INFORMATION SHOWN:
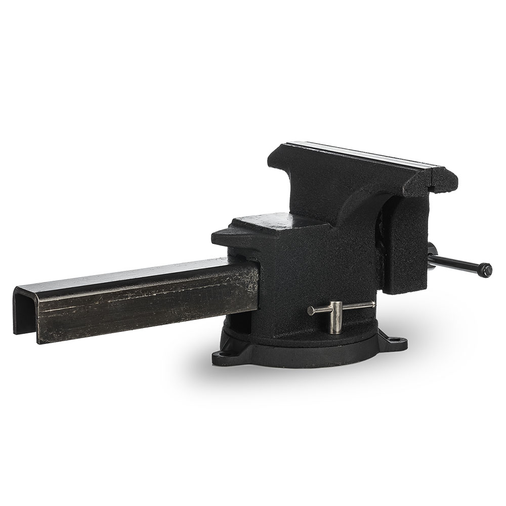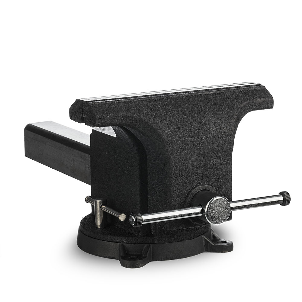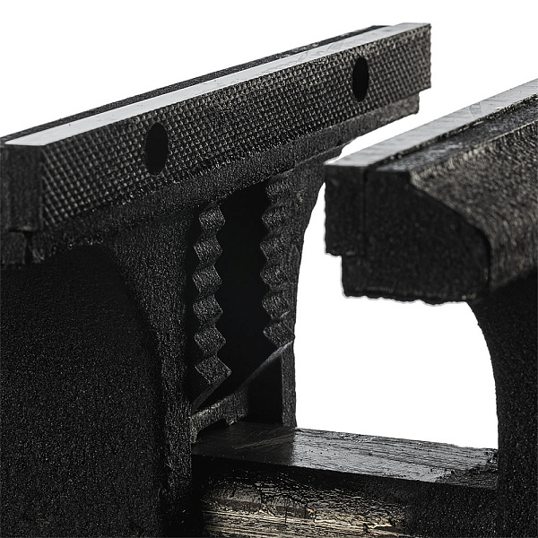 Тиски изготовлены из качественной инструментальной стали. Массивная конструкция позволяет избегать деформации инструмента. Стандартные съемные рифленые губки выполнены из закаленной стали.
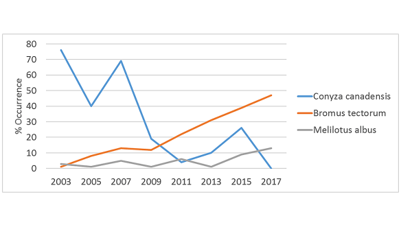 The plants listed on this graph are marestail, downy brome, and white sweet clover, though I lump downy/Japanese brome and white/yellow sweet clover together in my data.
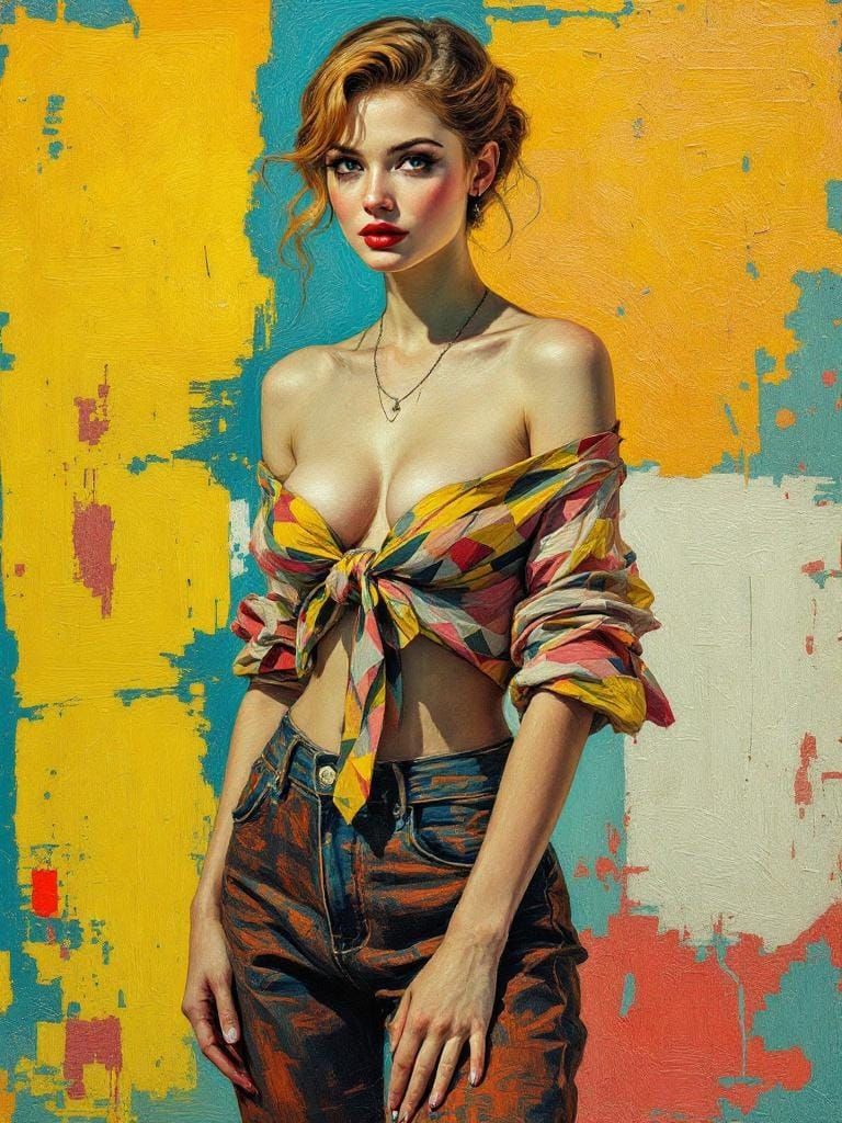 A striking picture of a 1950s pin-up woman in rolled jeans. The artwork blends constructive brushstrokes and dynamic impasto, reminiscent of post-impressionist paintings, with intense color.
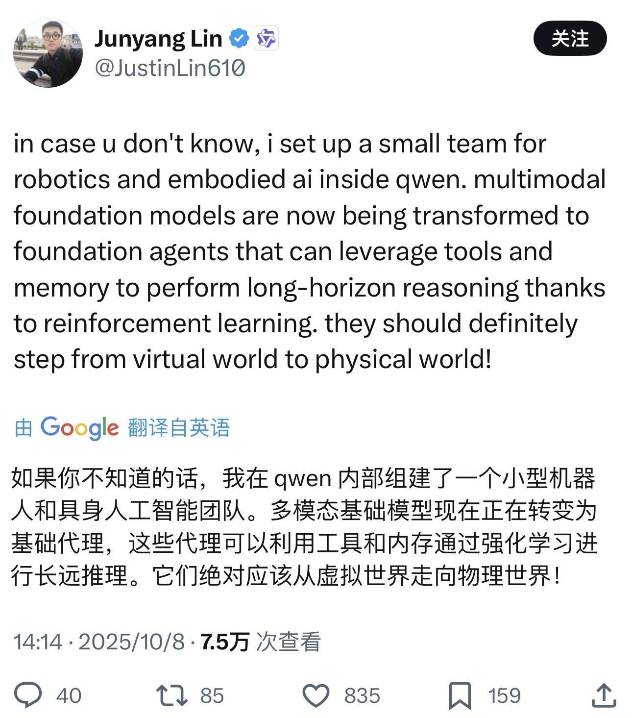 智东西10月9日报说念,昨日,阿里通义千问谎言语模子负责东说念主林俊旸在酬酢平台发文称,阿里通义里面已诞生“机器东说念主与具身智能团队”。

TASK ITEM:
Starting at the line that contains "The plants listed", write out exactly each line through the last one in the listing above, leaving out the pictures and adding nothing else.

EXERCISE OUTPUT:
 The plants listed on this graph are marestail, downy brome, and white sweet clover, though I lump downy/Japanese brome and white/yellow sweet clover together in my data.
 A striking picture of a 1950s pin-up woman in rolled jeans. The artwork blends constructive brushstrokes and dynamic impasto, reminiscent of post-impressionist paintings, with intense color.
 智东西10月9日报说念,昨日,阿里通义千问谎言语模子负责东说念主林俊旸在酬酢平台发文称,阿里通义里面已诞生“机器东说念主与具身智能团队”。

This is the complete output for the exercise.